Paul L. Caron
Dean





Tuesday, February 26, 2019

A Hilarious (In The Footnotes) Yet Serious (In The Text) Discussion Of Law Reviews And Law Professors

Joe Lawprofblawg (Anonymous Professor, Top 100 Law School) & Darren Bush (Houston), The Most Important Law Review Article You'll Never Read: A Hilarious (in the Footnotes) yet Serious (in the Text) Discussion of Law Reviews and Law Professors:

No! Stop! Go back! Reading the abstract is like taking the red pill in the Matrix.

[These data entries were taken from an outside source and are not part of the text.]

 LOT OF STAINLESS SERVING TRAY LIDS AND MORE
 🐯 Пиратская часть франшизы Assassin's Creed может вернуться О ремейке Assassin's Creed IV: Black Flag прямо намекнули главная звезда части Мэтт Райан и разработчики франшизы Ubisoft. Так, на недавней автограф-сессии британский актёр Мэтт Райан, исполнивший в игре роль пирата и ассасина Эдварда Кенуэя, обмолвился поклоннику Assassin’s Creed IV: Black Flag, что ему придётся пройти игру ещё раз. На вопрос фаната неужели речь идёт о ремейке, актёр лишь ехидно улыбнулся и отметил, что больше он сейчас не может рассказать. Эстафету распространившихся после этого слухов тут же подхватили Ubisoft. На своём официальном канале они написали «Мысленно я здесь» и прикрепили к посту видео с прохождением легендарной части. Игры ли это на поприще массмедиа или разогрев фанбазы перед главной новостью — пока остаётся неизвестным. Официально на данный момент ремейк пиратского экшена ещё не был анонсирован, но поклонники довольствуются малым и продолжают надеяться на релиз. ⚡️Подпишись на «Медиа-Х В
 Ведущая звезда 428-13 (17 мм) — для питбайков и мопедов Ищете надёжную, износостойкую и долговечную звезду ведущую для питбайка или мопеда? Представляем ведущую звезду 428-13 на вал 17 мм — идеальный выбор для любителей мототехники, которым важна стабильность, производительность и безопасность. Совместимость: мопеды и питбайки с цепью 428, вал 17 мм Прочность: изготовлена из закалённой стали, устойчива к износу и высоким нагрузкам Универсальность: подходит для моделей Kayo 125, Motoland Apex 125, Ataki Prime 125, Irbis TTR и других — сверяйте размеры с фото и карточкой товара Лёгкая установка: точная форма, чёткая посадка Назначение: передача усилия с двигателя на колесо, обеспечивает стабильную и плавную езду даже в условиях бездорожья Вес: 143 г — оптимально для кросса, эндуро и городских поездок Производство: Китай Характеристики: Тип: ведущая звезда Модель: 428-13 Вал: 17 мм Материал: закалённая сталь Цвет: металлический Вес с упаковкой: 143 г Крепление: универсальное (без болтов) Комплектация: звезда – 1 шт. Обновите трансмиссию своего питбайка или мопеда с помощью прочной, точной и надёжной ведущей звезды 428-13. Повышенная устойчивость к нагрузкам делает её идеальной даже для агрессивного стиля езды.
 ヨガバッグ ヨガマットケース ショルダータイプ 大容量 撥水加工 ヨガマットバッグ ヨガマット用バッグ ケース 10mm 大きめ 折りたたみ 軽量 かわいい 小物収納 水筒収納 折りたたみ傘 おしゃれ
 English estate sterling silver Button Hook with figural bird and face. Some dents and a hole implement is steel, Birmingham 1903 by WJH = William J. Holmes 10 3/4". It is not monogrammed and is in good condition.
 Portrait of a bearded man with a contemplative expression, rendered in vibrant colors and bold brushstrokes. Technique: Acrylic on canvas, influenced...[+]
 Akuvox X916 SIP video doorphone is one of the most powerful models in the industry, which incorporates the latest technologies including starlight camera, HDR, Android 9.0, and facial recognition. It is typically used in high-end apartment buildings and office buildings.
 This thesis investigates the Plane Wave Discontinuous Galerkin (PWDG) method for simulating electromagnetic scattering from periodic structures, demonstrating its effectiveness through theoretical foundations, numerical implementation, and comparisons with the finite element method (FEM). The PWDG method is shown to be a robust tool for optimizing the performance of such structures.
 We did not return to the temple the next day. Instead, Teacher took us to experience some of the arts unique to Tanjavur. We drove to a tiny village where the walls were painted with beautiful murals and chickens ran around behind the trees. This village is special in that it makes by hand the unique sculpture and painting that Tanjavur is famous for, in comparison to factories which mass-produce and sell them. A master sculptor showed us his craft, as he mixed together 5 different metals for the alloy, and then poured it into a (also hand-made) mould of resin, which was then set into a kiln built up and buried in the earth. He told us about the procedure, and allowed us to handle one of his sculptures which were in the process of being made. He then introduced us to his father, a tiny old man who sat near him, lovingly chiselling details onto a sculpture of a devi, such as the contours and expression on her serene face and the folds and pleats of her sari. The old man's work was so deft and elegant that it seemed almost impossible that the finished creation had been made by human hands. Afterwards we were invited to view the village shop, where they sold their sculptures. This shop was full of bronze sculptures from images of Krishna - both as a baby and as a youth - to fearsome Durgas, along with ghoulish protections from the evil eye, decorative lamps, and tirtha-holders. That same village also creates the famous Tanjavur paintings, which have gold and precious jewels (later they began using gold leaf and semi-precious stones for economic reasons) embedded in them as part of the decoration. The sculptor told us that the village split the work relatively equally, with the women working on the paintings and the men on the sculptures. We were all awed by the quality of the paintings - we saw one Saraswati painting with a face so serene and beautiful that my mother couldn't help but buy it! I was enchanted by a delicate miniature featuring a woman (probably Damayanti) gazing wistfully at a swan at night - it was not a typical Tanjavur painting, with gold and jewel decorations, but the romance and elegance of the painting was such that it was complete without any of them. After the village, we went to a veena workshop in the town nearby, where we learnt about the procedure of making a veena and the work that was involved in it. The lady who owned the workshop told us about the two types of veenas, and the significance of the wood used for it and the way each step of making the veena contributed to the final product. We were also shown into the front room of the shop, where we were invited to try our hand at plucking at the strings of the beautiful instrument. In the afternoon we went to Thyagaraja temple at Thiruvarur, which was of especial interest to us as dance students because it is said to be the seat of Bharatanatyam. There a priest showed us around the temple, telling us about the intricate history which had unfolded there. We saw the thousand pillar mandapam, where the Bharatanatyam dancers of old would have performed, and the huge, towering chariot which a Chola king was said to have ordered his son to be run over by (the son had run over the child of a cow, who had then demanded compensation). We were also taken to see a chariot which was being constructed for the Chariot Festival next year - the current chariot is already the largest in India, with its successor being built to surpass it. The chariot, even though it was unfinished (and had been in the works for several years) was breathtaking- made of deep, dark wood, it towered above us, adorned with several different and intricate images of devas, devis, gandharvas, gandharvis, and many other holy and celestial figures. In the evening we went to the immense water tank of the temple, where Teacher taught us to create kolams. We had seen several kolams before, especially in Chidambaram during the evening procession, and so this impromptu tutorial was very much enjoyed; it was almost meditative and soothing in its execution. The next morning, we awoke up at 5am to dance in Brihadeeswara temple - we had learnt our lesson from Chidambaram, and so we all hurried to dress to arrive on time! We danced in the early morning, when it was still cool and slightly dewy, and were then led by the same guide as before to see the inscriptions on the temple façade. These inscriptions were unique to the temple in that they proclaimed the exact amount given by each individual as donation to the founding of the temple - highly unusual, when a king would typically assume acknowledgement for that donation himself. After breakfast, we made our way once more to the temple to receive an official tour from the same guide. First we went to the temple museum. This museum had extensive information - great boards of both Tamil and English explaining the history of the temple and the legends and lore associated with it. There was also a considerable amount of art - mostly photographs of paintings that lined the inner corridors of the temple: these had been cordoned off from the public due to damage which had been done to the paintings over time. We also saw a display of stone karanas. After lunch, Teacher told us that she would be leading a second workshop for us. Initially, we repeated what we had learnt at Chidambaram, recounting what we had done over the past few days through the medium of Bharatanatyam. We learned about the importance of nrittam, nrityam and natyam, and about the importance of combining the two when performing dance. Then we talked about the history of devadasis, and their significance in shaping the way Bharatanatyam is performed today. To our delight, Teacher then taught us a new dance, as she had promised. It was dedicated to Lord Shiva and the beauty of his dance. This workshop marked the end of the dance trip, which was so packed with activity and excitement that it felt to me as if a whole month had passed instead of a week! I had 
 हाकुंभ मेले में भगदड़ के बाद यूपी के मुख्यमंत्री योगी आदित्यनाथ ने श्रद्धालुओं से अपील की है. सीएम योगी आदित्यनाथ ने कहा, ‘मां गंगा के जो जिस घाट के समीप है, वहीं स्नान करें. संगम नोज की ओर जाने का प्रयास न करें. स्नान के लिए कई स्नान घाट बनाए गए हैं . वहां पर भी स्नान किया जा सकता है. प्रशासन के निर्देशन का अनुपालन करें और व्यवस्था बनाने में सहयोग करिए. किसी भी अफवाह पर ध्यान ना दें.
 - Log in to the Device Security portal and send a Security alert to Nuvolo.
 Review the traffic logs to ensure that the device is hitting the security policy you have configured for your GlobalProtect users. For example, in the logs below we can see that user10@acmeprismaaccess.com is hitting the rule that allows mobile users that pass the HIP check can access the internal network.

In this article we discuss “the game.” “The game” is the quest for measuring scholarship success using metrics such as law review ranking, citation counts, downloads, and other indicia of scholarship “quality.” We argue that this game is rigged, inherently biased against authors from lower ranked schools, women, minorities, and faculty who teach legal writing, clinical, and library courses. As such, playing “the game” in a Sisyphean effort to achieve external validation is a losing one for all but a few. Instead, we argue that faculty members should reject this entrenched and virulent hierarchy, and focus on the primary purposes of writing, which are to foster innovation in a fashion that is both pleasing to the author and that improves society. We discuss this rigged game, and seek to reframe our academic life to focus on enhancing innovation and discourse. We would start by skipping abstract writing.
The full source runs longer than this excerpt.